Task to complete:
Write out, word for word and with no pictures, each line below from the one containing "上周三,贝肯鲍尔迎来逝世两周" through the one containing "New Designer Micro", both included, and no other line.

Listed records:
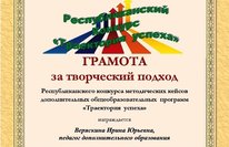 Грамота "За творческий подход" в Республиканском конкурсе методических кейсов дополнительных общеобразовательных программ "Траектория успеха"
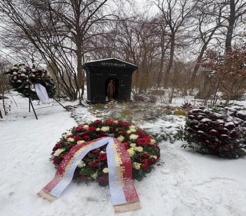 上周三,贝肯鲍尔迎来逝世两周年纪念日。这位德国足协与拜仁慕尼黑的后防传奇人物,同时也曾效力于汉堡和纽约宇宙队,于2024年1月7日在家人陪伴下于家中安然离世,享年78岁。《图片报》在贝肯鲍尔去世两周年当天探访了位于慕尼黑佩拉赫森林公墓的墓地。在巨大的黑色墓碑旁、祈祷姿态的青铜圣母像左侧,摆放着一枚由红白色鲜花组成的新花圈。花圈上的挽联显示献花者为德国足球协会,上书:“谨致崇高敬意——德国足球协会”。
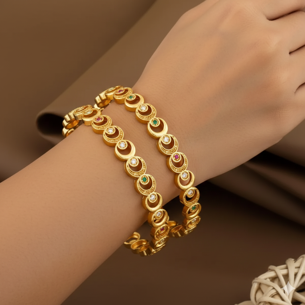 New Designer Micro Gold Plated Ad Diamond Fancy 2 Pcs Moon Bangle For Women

* * *

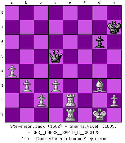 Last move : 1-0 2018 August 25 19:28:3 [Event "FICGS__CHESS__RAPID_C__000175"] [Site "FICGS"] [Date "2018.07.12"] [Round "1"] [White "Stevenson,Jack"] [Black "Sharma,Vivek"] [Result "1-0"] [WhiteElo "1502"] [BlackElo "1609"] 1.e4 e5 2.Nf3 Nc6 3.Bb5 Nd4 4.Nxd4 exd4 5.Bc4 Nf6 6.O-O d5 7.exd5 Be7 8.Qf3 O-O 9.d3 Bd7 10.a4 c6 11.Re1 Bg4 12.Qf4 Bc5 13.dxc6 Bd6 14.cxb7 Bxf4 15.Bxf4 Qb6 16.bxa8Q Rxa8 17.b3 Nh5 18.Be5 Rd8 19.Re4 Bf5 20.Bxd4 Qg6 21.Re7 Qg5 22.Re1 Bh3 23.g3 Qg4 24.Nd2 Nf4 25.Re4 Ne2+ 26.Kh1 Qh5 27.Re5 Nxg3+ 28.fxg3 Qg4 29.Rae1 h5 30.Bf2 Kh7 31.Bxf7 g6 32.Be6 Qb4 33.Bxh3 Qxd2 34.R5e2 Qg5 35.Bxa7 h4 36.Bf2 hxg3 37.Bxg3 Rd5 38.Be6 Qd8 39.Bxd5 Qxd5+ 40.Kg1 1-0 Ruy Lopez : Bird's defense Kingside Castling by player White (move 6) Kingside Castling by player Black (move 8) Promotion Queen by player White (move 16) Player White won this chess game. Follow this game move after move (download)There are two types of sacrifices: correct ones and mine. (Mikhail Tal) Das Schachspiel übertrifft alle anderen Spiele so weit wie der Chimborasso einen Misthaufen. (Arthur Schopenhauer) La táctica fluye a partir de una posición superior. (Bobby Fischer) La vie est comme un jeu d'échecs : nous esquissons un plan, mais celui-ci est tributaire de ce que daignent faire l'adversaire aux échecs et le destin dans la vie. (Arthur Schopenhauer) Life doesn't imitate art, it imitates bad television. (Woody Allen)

* * *

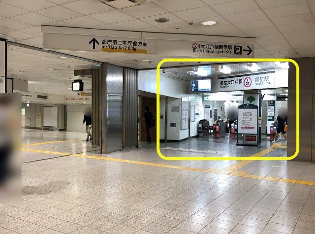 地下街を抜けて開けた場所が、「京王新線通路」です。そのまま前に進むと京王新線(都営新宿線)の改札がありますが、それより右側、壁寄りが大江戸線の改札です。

Exercise solution:
 上周三,贝肯鲍尔迎来逝世两周年纪念日。这位德国足协与拜仁慕尼黑的后防传奇人物,同时也曾效力于汉堡和纽约宇宙队,于2024年1月7日在家人陪伴下于家中安然离世,享年78岁。《图片报》在贝肯鲍尔去世两周年当天探访了位于慕尼黑佩拉赫森林公墓的墓地。在巨大的黑色墓碑旁、祈祷姿态的青铜圣母像左侧,摆放着一枚由红白色鲜花组成的新花圈。花圈上的挽联显示献花者为德国足球协会,上书:“谨致崇高敬意——德国足球协会”。
 New Designer Micro Gold Plated Ad Diamond Fancy 2 Pcs Moon Bangle For Women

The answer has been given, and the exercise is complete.